Dependencies for Spark-Streaming and Twiter-Streaming in SBT

888 Views Asked by At

I was trying to use the following dependencies in my build.sbt, but it keeps giving "unresolved dependency" issue.

libraryDependencies += "org.apache.bahir" %% "spark-streaming-twitter_2.11" % "2.2.0.1.0.0-SNAPSHOT"
libraryDependencies += "org.apache.spark" %% "spark-streaming" % "2.2.0"

I'm using Spark 2.2.0. What are the correct dependencies?

2

There are 2 best solutions below

1
On

Below are the dependencies you need to add for Spark-Twitter Streaming.

<dependency>
    <groupId>org.apache.spark</groupId>
    <artifactId>spark-streaming_2.11</artifactId>
    <version>2.0.0</version>
</dependency>
<dependency>
   <groupId>org.apache.bahir</groupId>
   <artifactId>spark-streaming-twitter_2.11</artifactId>
   <version>2.0.0</version>
</dependency>
<dependency>
   <groupId>org.twitter4j</groupId>
   <artifactId>twitter4j-core</artifactId>
   <version>4.0.4</version>
  </dependency>
 <dependency>
   <groupId>org.twitter4j</groupId>
   <artifactId>twitter4j-stream</artifactId>
   <version>4.0.4</version>
   </dependency >
 <dependency>
  <groupId>com.twitter</groupId>
  <artifactId>jsr166e</artifactId>
  <version>1.1.0</version>  
</dependency>
0
On

The question was posted a while ago, but I ran into the same problem this week. Here is the solution for those who still have the problem :

As you can see here, the correct syntax of the artifact for importing the lib with SBT is "spark-streaming-twitter", while with Maven it is "spark-streaming-twitter_2.11". It is because, for some reason, when importing with SBT, the Scala version is appended later (the last number is truncated).

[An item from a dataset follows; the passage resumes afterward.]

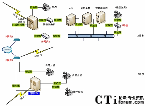 根據(jù)上述需求,我公司提出了電信PSTN網(wǎng)與IP網(wǎng)結(jié)合的IP語音解決方案,單位內(nèi)部呼叫采用IP網(wǎng)絡(luò),而對外呼出采用電信PSTN網(wǎng)絡(luò)。這套方案兩個主要原則:第一,最佳化地利用現(xiàn)有網(wǎng)絡(luò)資源,最大化地節(jié)省通話費用;第二與現(xiàn)有電信電話交換網(wǎng)絡(luò)實現(xiàn)無縫連接,即電信PSTN呼入后,可以任意的轉(zhuǎn)接到本地分機或IP分機,實現(xiàn)PSTN與IP網(wǎng)的平滑聯(lián)結(jié)。因此部署實施這個方案中,關(guān)鍵是內(nèi)部IP網(wǎng)絡(luò)保持暢通,以滿足高質(zhì)量的IP話務(wù)。
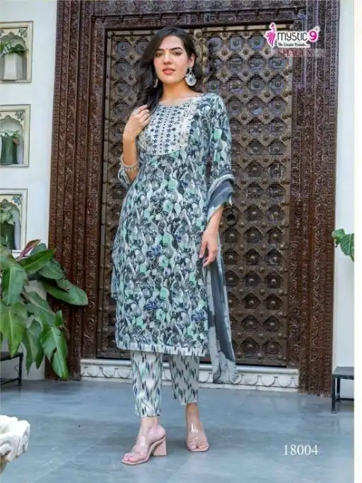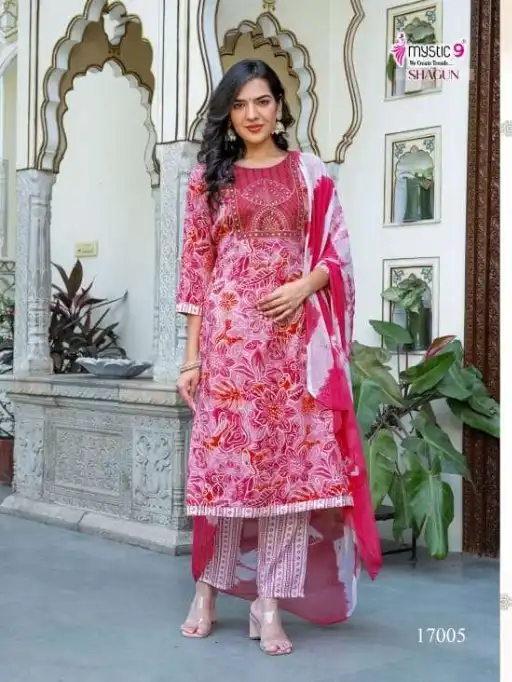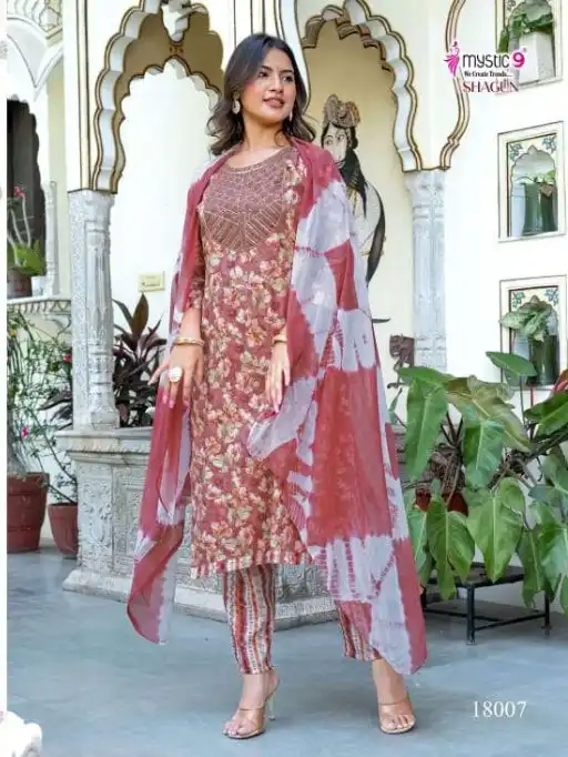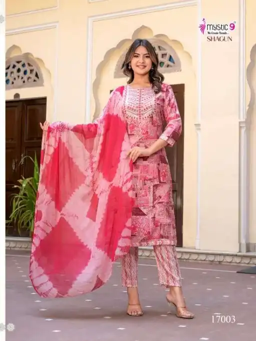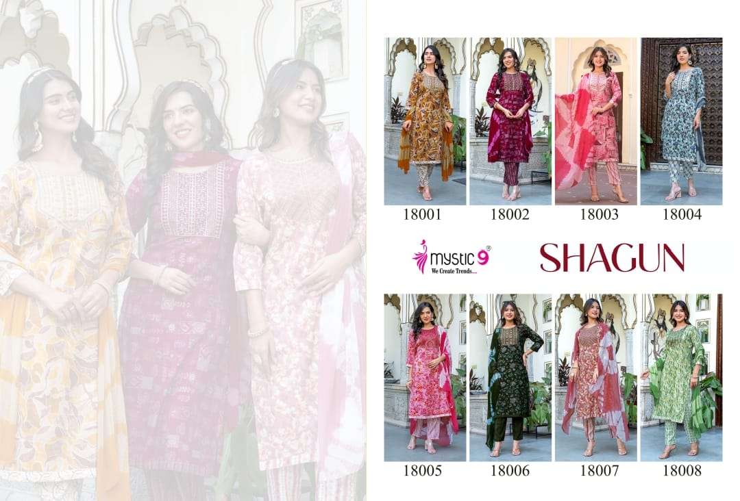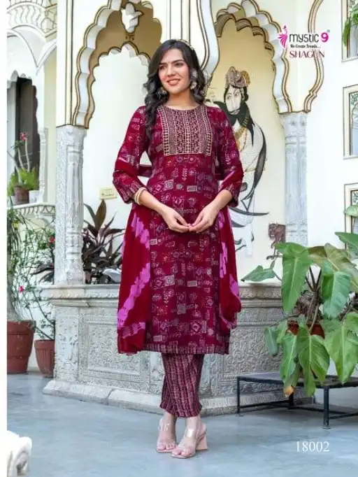 Mystic 9 Shagun Vol 18 Wholesale Rayon Print Kurti Bottom Dupatta.

But the thing is that the only artifact that work is "spark-streaming-twitter_2.11". For example, with a Scala 2.12, you will have the error

[warn]  ::::::::::::::::::::::::::::::::::::::::::::::
[warn]  ::          UNRESOLVED DEPENDENCIES         ::
[warn]  ::::::::::::::::::::::::::::::::::::::::::::::
[warn]  :: org.apache.bahir#spark-streaming-twitter_2.12;2.3.2: not found
[warn]  ::::::::::::::::::::::::::::::::::::::::::::::

But if you use Scala 2.11, it should work fine. Here is a working sbt file :

name := "twitter-read"

version := "0.1"

scalaVersion := "2.11.12"


libraryDependencies += "org.apache.spark" %% "spark-core" % "2.4.2"
libraryDependencies += "org.apache.spark" %% "spark-sql" % "2.4.2"
libraryDependencies += "org.apache.spark" %% "spark-streaming" % "2.4.2" % "provided"

libraryDependencies += "org.twitter4j" % "twitter4j-core" % "3.0.3"
libraryDependencies += "org.twitter4j" % "twitter4j-stream" % "3.0.3"

libraryDependencies += "org.apache.bahir" %% "spark-streaming-twitter" % "2.3.2"